__Your goal__:
There are pictures in the records below; leave them out and set down exactly the lines from the one holding "Image: Peter van" through the one holding "https://waralbum.ru/43926/ На РИА".

__Record extracts__:
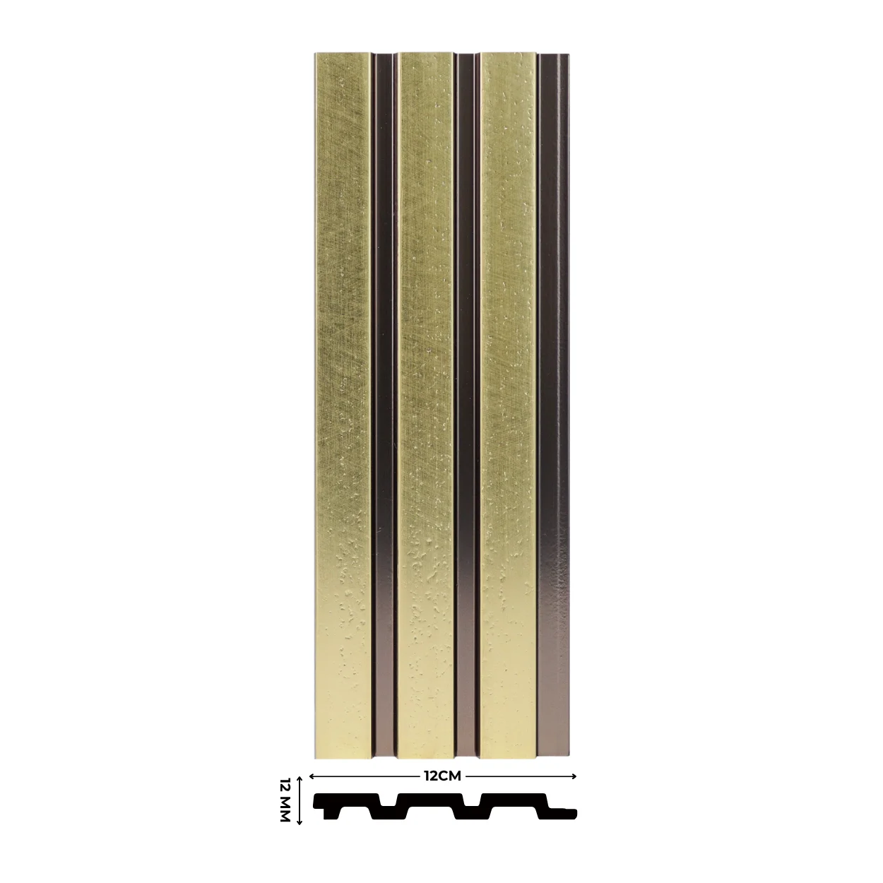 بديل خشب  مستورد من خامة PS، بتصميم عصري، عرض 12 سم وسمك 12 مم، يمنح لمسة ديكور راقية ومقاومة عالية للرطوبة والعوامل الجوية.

--

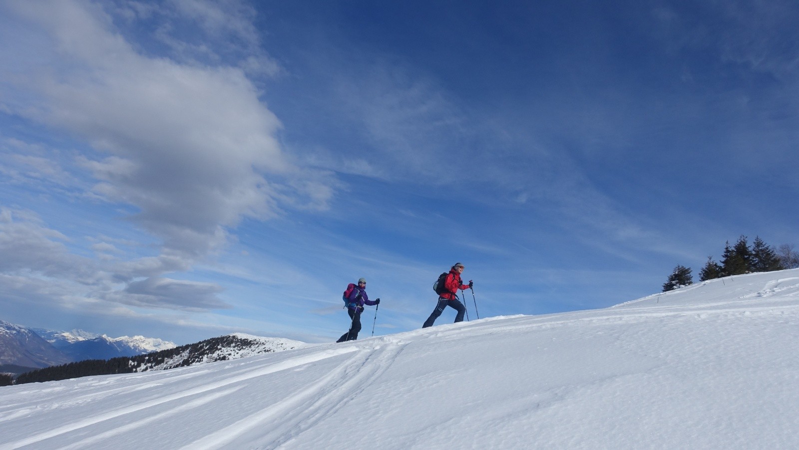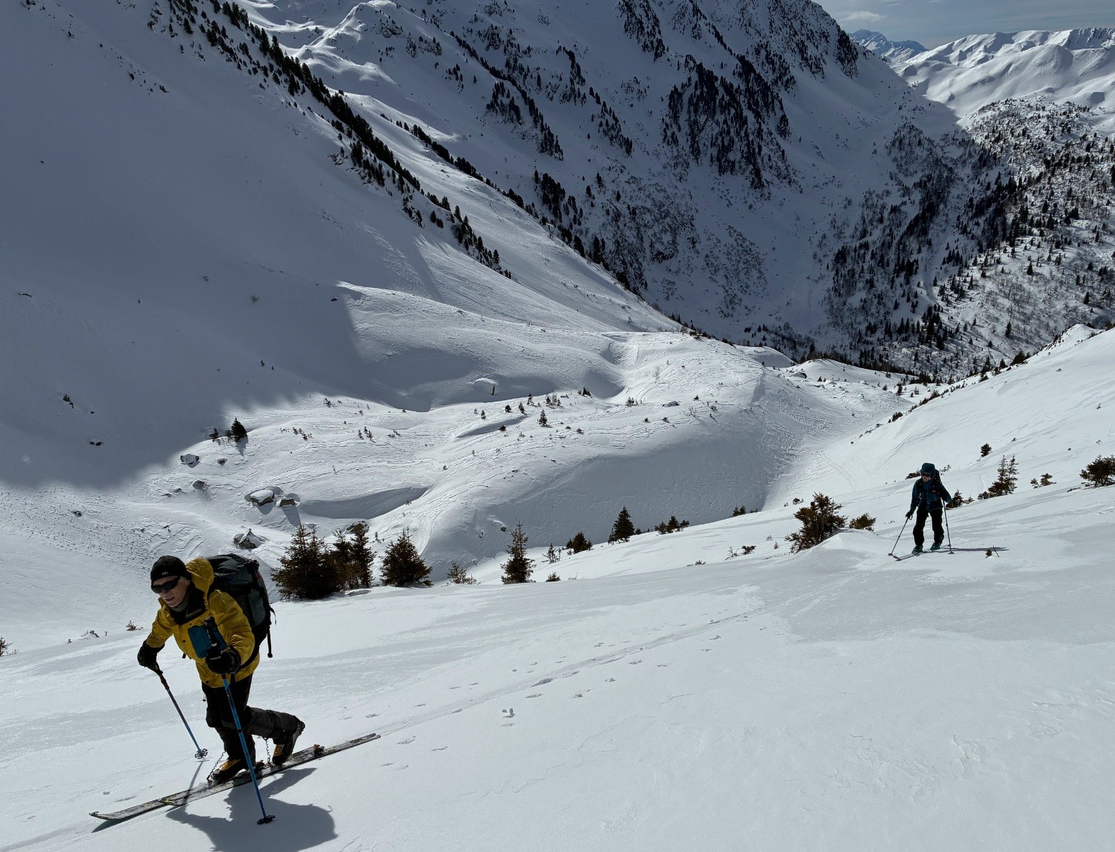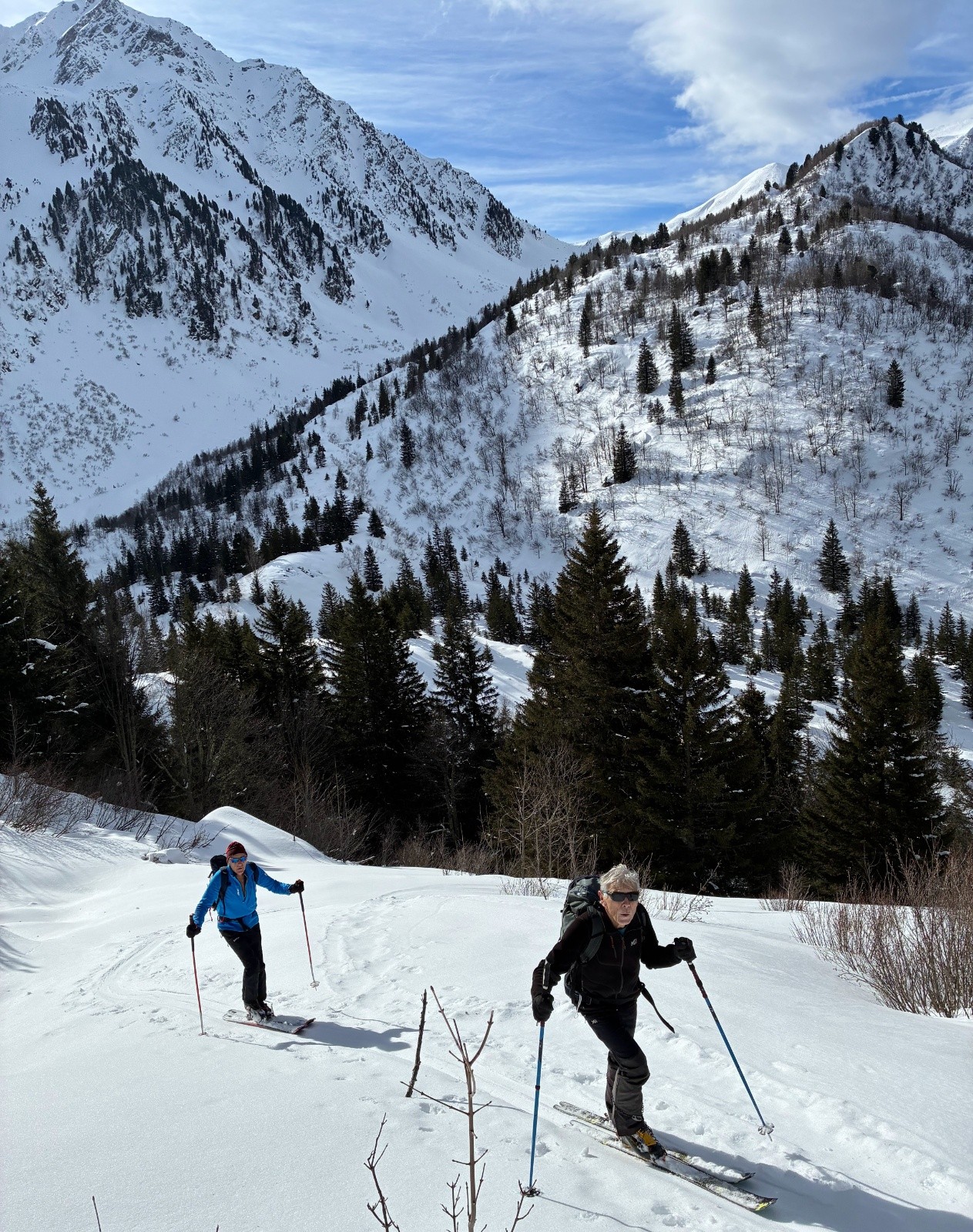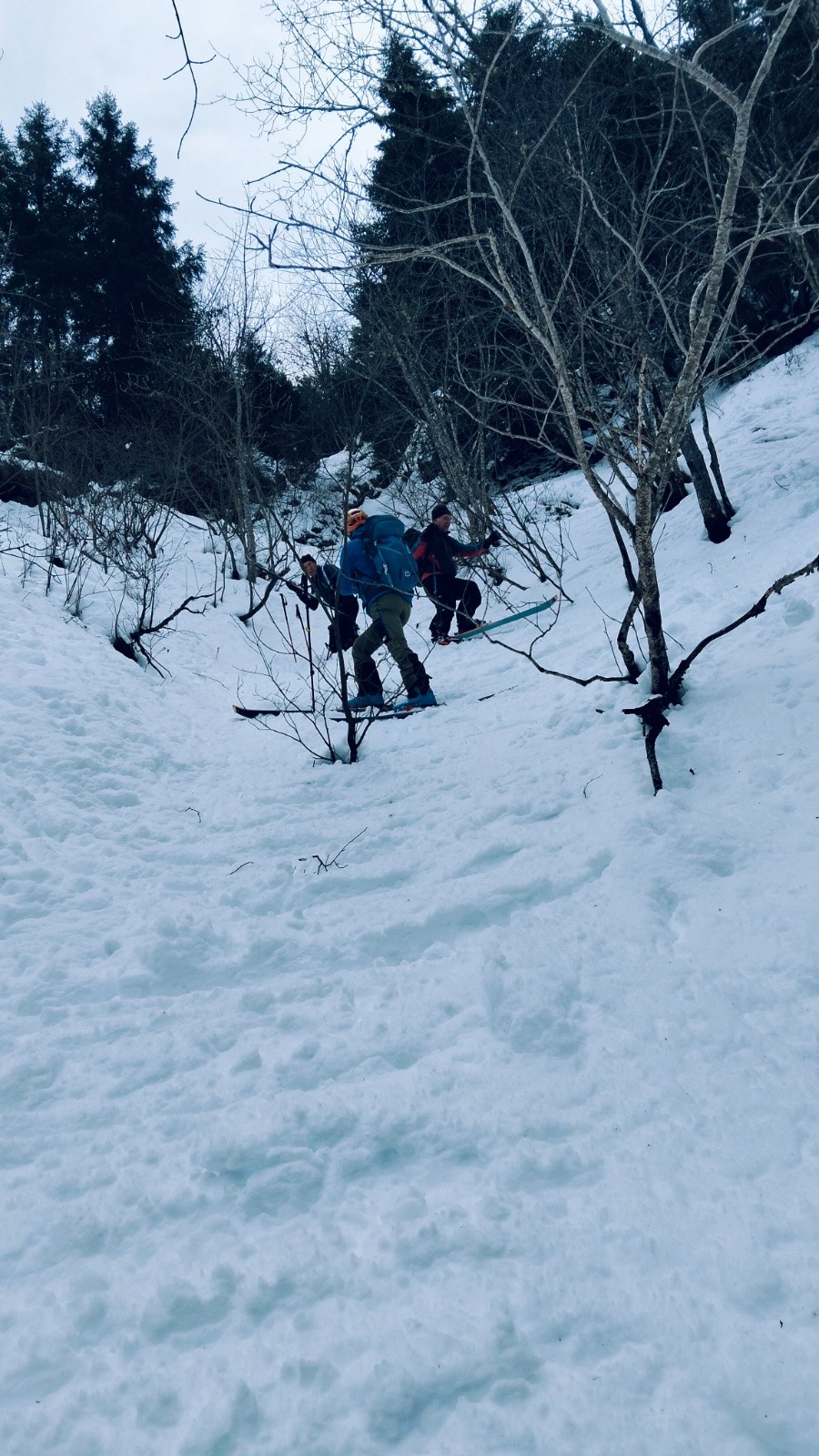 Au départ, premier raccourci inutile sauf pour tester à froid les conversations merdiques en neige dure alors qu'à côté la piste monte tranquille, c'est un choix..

...

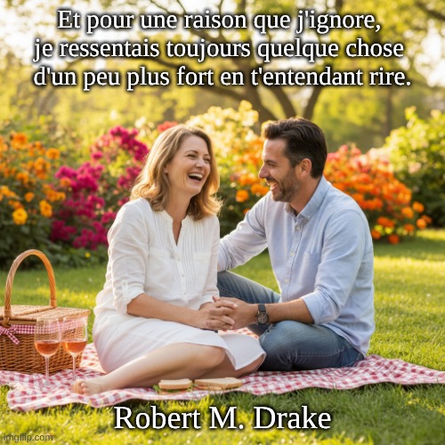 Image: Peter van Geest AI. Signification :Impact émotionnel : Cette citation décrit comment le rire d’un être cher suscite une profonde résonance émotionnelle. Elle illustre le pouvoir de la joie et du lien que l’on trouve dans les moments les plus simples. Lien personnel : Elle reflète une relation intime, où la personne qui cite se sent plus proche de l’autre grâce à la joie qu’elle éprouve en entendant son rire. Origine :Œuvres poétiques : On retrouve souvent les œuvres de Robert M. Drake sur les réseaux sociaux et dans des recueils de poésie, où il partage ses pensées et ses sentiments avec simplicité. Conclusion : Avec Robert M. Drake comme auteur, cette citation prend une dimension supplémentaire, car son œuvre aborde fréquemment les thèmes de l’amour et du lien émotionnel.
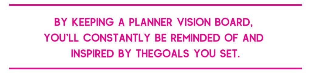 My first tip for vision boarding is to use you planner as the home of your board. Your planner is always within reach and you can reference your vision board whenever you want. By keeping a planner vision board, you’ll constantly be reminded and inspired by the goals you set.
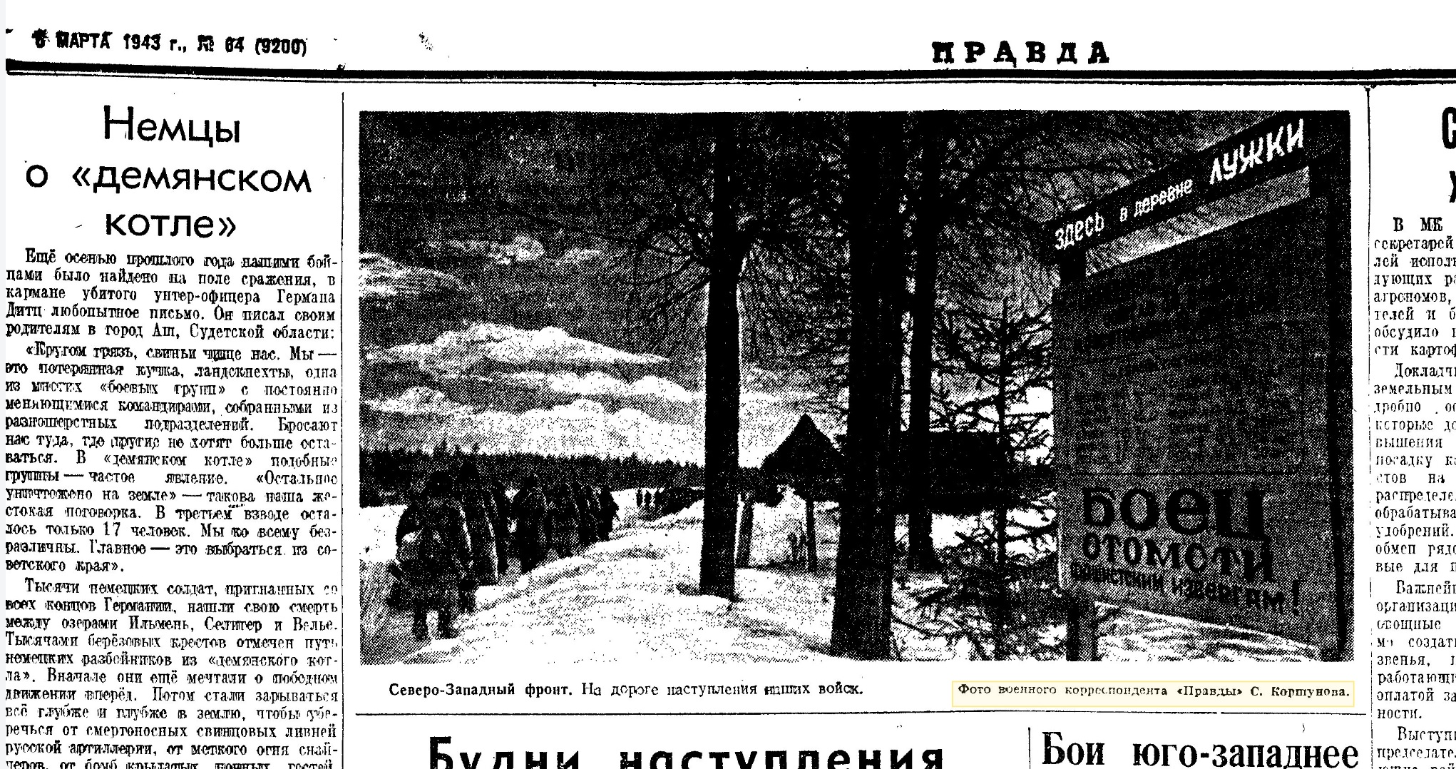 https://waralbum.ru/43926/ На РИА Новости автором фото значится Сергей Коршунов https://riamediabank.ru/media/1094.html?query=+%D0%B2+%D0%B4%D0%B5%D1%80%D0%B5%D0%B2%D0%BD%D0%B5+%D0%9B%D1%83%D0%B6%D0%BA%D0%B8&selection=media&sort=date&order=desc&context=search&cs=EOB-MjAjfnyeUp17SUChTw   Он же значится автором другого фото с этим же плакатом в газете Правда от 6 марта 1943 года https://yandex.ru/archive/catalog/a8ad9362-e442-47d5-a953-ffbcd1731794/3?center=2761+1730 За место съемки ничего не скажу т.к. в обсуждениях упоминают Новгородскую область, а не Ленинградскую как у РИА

__Exercise response__:
 Image: Peter van Geest AI. Signification :Impact émotionnel : Cette citation décrit comment le rire d’un être cher suscite une profonde résonance émotionnelle. Elle illustre le pouvoir de la joie et du lien que l’on trouve dans les moments les plus simples. Lien personnel : Elle reflète une relation intime, où la personne qui cite se sent plus proche de l’autre grâce à la joie qu’elle éprouve en entendant son rire. Origine :Œuvres poétiques : On retrouve souvent les œuvres de Robert M. Drake sur les réseaux sociaux et dans des recueils de poésie, où il partage ses pensées et ses sentiments avec simplicité. Conclusion : Avec Robert M. Drake comme auteur, cette citation prend une dimension supplémentaire, car son œuvre aborde fréquemment les thèmes de l’amour et du lien émotionnel.
 My first tip for vision boarding is to use you planner as the home of your board. Your planner is always within reach and you can reference your vision board whenever you want. By keeping a planner vision board, you’ll constantly be reminded and inspired by the goals you set.
 https://waralbum.ru/43926/ На РИА Новости автором фото значится Сергей Коршунов https://riamediabank.ru/media/1094.html?query=+%D0%B2+%D0%B4%D0%B5%D1%80%D0%B5%D0%B2%D0%BD%D0%B5+%D0%9B%D1%83%D0%B6%D0%BA%D0%B8&selection=media&sort=date&order=desc&context=search&cs=EOB-MjAjfnyeUp17SUChTw   Он же значится автором другого фото с этим же плакатом в газете Правда от 6 марта 1943 года https://yandex.ru/archive/catalog/a8ad9362-e442-47d5-a953-ffbcd1731794/3?center=2761+1730 За место съемки ничего не скажу т.к. в обсуждениях упоминают Новгородскую область, а не Ленинградскую как у РИА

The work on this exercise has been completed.